Study Guide: Recursion

Instructions

This is a study guide with links to past lectures, assignments, and handouts, as well as additional practice problems to assist you in learning the concepts.

Assignments

Important: For solutions to these assignments once they have been released, see the main website

Handouts

Lectures

Guides

Recursion

Recursion is a technique for solving a large computational problem by repeatedly applying the same procedure(s) to reduce it to successively smaller problems. A recursive procedure has two parts: one or more base cases and a recursive step.

Base cases are predetermined solutions for the simplest versions of the problem: if the given problem is a base case, no further computation is necessary to get the result.

The recursive step is a set of rules that eventually reduces all versions of the problem to one of the base cases when applied repeatedly.

Infinite recursion occurs if there is no base case or the recursive step does not make progress towards its base case(s).

def fn(input):
if <base case>:
return ...
else:
return <combine input and fn(input_reduced)>

An Analogy

Suppose you're waiting in line for a concert.

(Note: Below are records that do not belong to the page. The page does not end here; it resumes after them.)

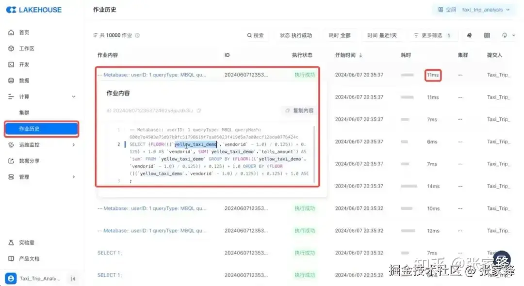 云器产品里提供了作业历史产品模块,可以看到提交给引擎的所有 SQL 明细。从下图中可以看到,实时同步写入的是 yellow_taxi_demo 表,在Metabase BI 看板里实时查询的也是该表。而且在演示的这个相对复杂的查询条件下,进行了400万行数据的全表扫描,能在 10 毫秒左右返回查询结果。云器Lakehouse的方案不需要新增额外的加速引擎来进行查询加速,也省去了再同步复制一份数据,所以能够极大地节约成本。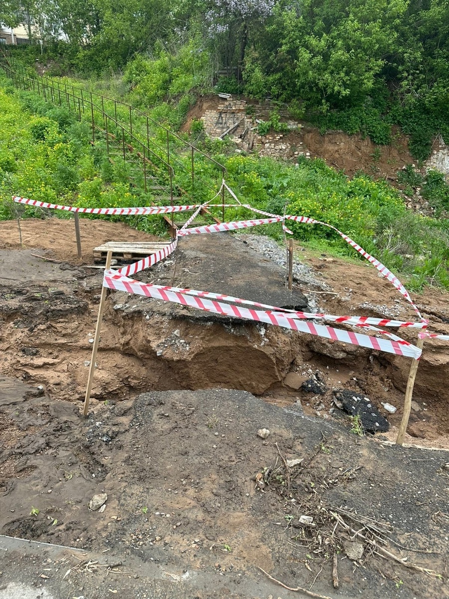 Из-за сильных дождей произошло частичное смывание грунта на улице Генерала Рыленко. На участке соединения лестницы с пешеходным тротуаром образовалась промоина. Как сообщил в своих соцсетях глава Кировского района Уфы Илвир Нурдавлятов, на месте происшествия установили сигнальные ленты, предупреждающие об опасности. «Также в управлении гражданской защиты Уфы прошло заседание комиссии по чрезвычайным ситуациям, на котором обсудили необходимые меры реагирования. Сегодня управление по строительству, ремонту дорог и искусственных сооружений Уфы выведет подрядную организацию для устранения последствий размыва грунта», — сообщил глава района. Он попросил местных жителей, особенно родителей с детьми, избегать данного участка до завершения работ. В администрации ситуацию держат на контроле. Ранее «Башинформу» в УСРДИС администрации Уфы прокомментировали, что генеральный подрядчик ЗАО «Уралмостострой» обещает в рамках исполнения гарантийных обязательств приступить к устранению инцидента с размы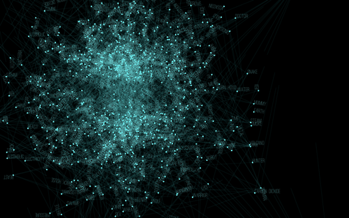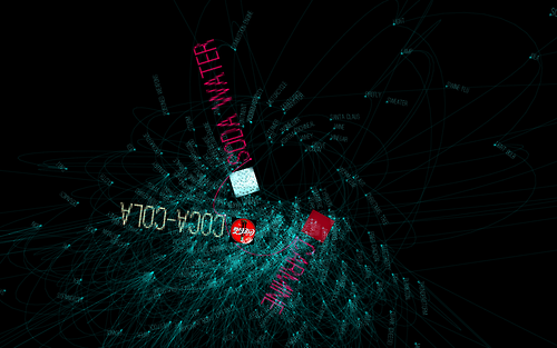 For Art Hack Day, I produced a moving sculpture that highlights a node and moves the network around it to give the audience glimpses of a single idea, and its neighbors.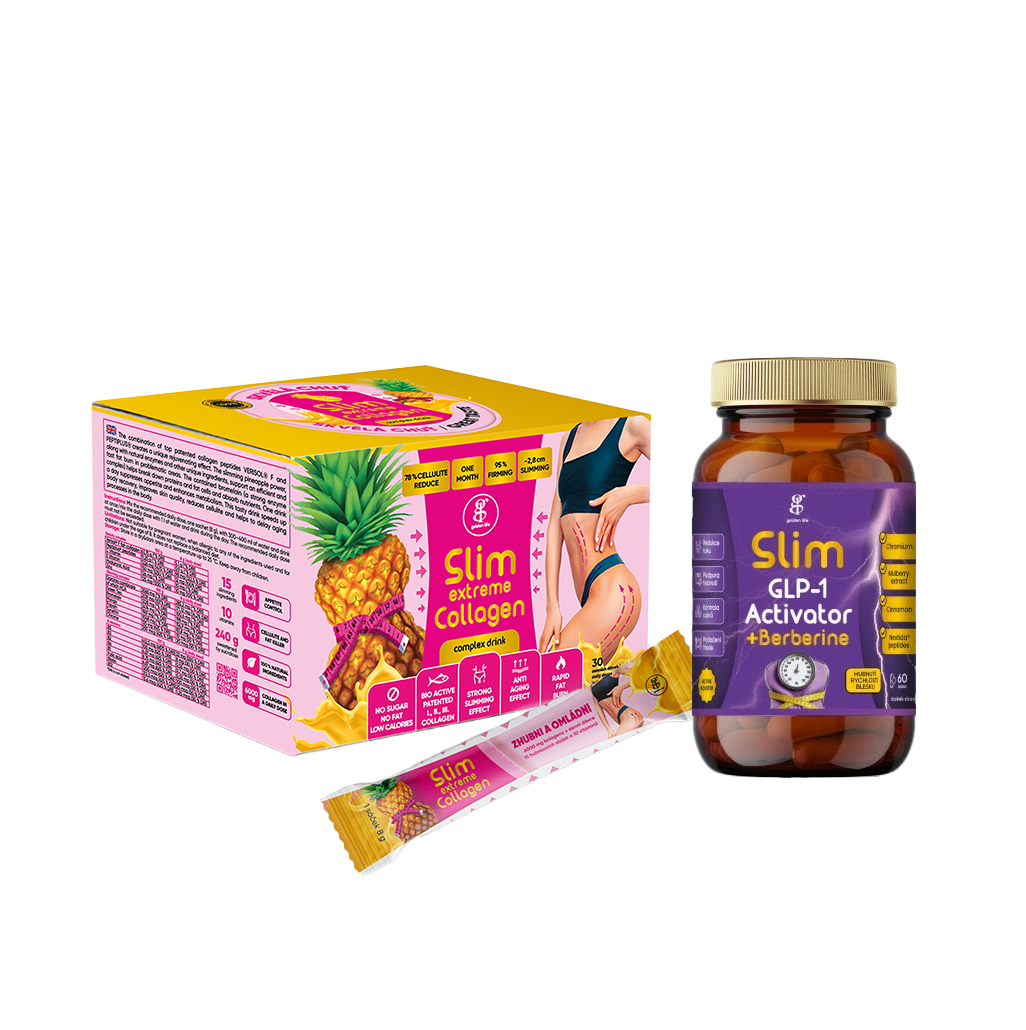 Hubnutí má smysl jen tehdy, když tělo spolupracuje. Slim GLP-1 Activator a Slim Extreme Collagen tvoří dokonale vyvážené duo, které podporuje spalování tuků i přirozenou regeneraci. Aktivátor pomáhá omezit chutě, stabilizovat hladinu cukru a udržet energii po celý den, zatímco kolagen zpevňuje pokožku, chrání klouby a dodává tělu sílu i pružnost. Společně působí v dokonalé synergii – pro postavu, která je štíhlá, pevná a zdravá zevnitř i zvenku.

You'd like to know where you are in line, but can't step out of line. What do you do? (Suppose you also have a friend with you.)

An iterative algorithm (a step-by-step procedure) might look like:

1. Ask your friend to walk down to the front of the line.
2. Then count one-by-one until they reach you.
3. Once everyone's been counted, report your position to you.

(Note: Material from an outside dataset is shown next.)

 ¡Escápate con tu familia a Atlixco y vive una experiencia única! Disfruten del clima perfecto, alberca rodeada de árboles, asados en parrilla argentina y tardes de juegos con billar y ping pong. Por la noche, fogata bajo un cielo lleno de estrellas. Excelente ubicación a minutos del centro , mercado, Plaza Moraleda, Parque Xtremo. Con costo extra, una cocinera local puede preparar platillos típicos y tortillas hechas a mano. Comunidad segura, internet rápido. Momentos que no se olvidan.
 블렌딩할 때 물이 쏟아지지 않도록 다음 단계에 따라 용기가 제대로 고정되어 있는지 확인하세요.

This approach is like using a while loop with a counter to keep track of the current position and only at the end returning the final value.

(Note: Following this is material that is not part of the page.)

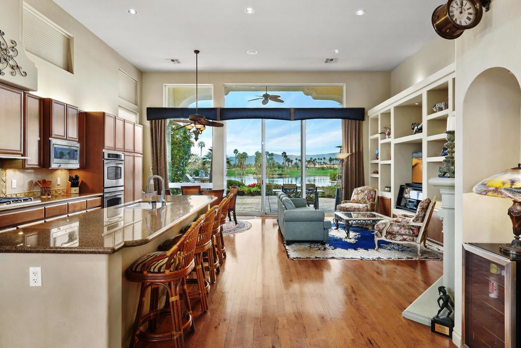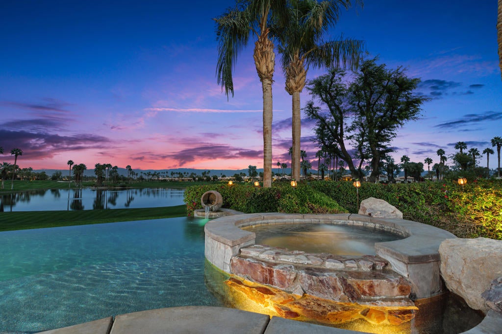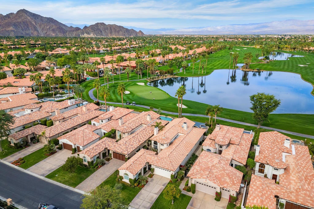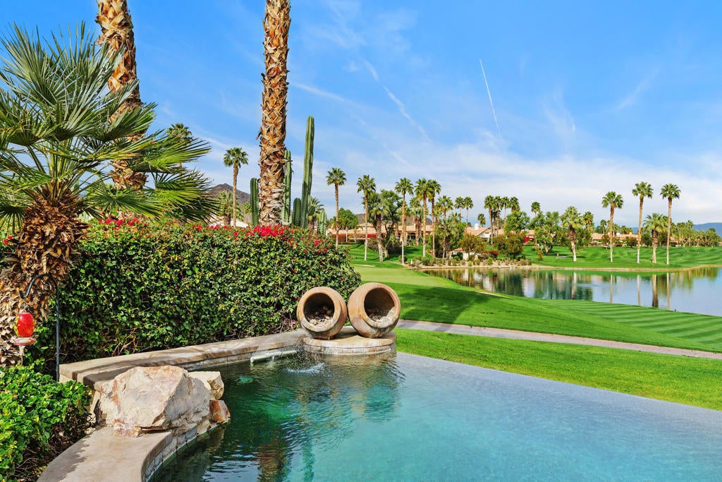 Perfectly positioned on one of the most coveted view lots in Rancho La Quinta Country Club, this exceptional Encanto II residence is situated to enjoy uninterrupted views of the golf course, lake, and surrounding mountains. Designed for seamless indoor-outdoor living, a dramatic infinity-edge pool appears to spill directly into the golf course landscape, creating a resort-style experience that feels both tranquil and expansive. A tanning shelf, built-in barbecue, outdoor dining area, fire pit, heaters, and thoughtfully arranged seating invite everything from quiet mornings overlooking the water to unforgettable evenings under the desert sky. Inside, the home is light-filled and welcoming, with soaring ceilings and a dramatic sightline that draws your eye straight through to the views beyond. The open living areas are ideal for entertaining, anchored by a warm fireplace in both the living room and family room and complemented by rich wood flooring and warm finishes throughout. The kitchen features a new gas cooktop, new dishwasher, new refrigerator, double ovens, a wine refrigerator, and generous island--perfect for casual gatherings or more formal occasions. The primary suite offers a calm retreat, complete with a spacious bath featuring dual vanities, soaking tub, and walk-in shower. Guest accommodations include a private detached casita with its own separate living space, bathroom, and kitchenette--ideal for visitors seeking comfort and independence. A gated entry courtyard features a gas fireplace and provides a private, welcoming outdoor retreat connecting the detached casita to the main residence. This home is sold furnished allowing a buyer to enjoy the home's lifestyle from day one. HOA dues provide 24-hour guard-gated security, high-speed internet, cable tv, landscape maintenance, and trash service. Also included is a sports membership offering access to the soon-to-be renovated clubhouse , tennis and pickleball courts, resort-style pools, and a state-of-the-art fitness center.With a premier location & iconic views, this is a rare opportunity to own a truly special desert retreat in one of La Quinta's most sought-after communities. This listing includes a selection of virtually staged images featuring digitally altered wall colors and contemporary furnishings, offered simply to illustrate the home's design versatility and creative potential.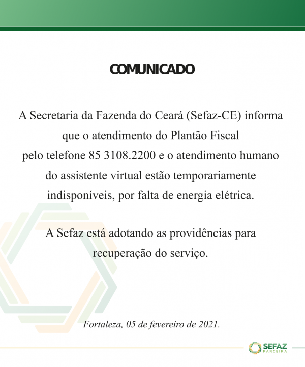 Comunicados Indisponibilidade do Plantão Fiscal 5 de fevereiro de 2021 - 10:12 Voltar ao topo Compartilhar

A recursive algorithm, on the other hand, might look like:

1. If we're at the front, we know we're first in line.
2. Otherwise, we ask the person in front of us, "What number in line are you?"
3. Once the person in front figures out their position and tells you, add 1 to their position to determine your position.

This only works if everyone in front of you follows the same algorithm. While it might not work in real life because others might not follow the same steps, in a computer, we can define a function that follows the same steps.

There are a couple points to notice about this analogy. There are two phases in evaluating a recursive function:

• First, breaking down the problem by examining smaller and smaller problems. Each person asks the person in front of them, "What number in line are you?" We ask the person in front of us because they're closer to the front of the line. Each problem is broken down into smaller subproblems that approach the base case.
• Second, building on the returned answer. Only the person at the front of the line knows their position by default, so when they turn around to report to the second person in line, the second person can't just take the answer the person in front reported: they also need to account for themselves by adding 1! In the same way, recursive programs need some way of adding on to the result of the recursive step.

Solving Recursive Problems

See the Studying Guide for more tips!

Recursive problems are solved similarly to the way we solve higher-order function problems.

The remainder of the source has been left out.